EXERCISE REQUIREMENTS: Nothing but the lines from the one containing "设计意图: 通过对塔里木河中" through the end of the data below should appear in the answer, each exact and free of pictures.

AVAILABLE DATA:
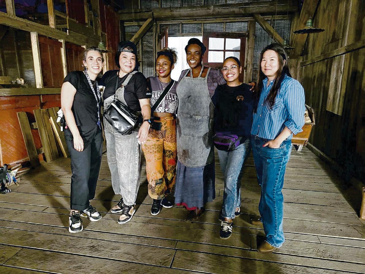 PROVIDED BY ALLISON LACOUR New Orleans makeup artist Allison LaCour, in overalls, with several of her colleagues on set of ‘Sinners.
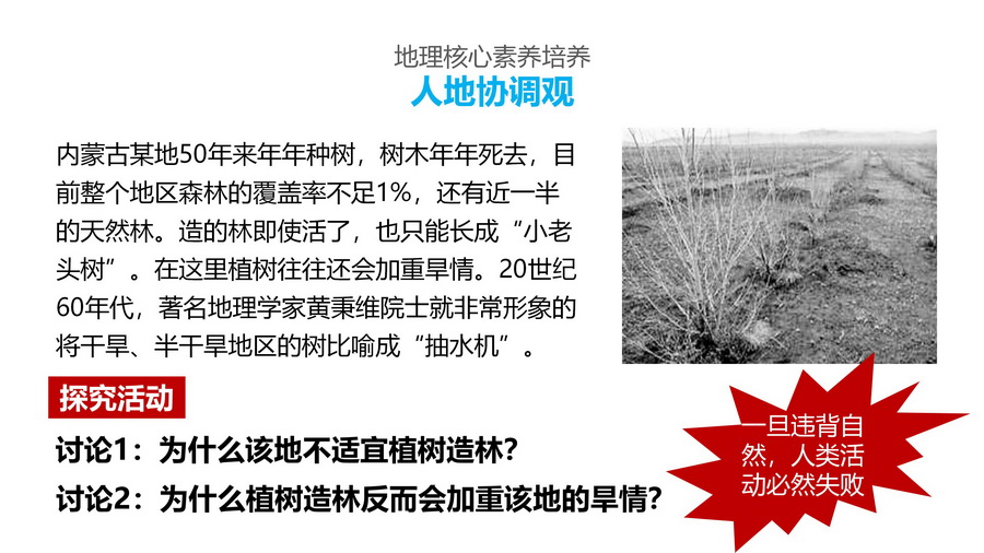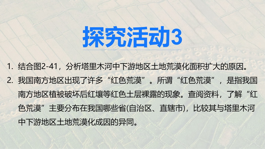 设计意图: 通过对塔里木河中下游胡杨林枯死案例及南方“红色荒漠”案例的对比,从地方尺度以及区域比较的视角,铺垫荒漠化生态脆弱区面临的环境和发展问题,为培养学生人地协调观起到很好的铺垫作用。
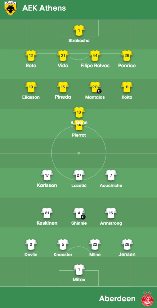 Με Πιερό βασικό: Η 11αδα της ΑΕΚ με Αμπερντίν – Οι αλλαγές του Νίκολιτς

ANSWER FOR THIS EXERCISE:
 设计意图: 通过对塔里木河中下游胡杨林枯死案例及南方“红色荒漠”案例的对比,从地方尺度以及区域比较的视角,铺垫荒漠化生态脆弱区面临的环境和发展问题,为培养学生人地协调观起到很好的铺垫作用。
 Με Πιερό βασικό: Η 11αδα της ΑΕΚ με Αμπερντίν – Οι αλλαγές του Νίκολιτς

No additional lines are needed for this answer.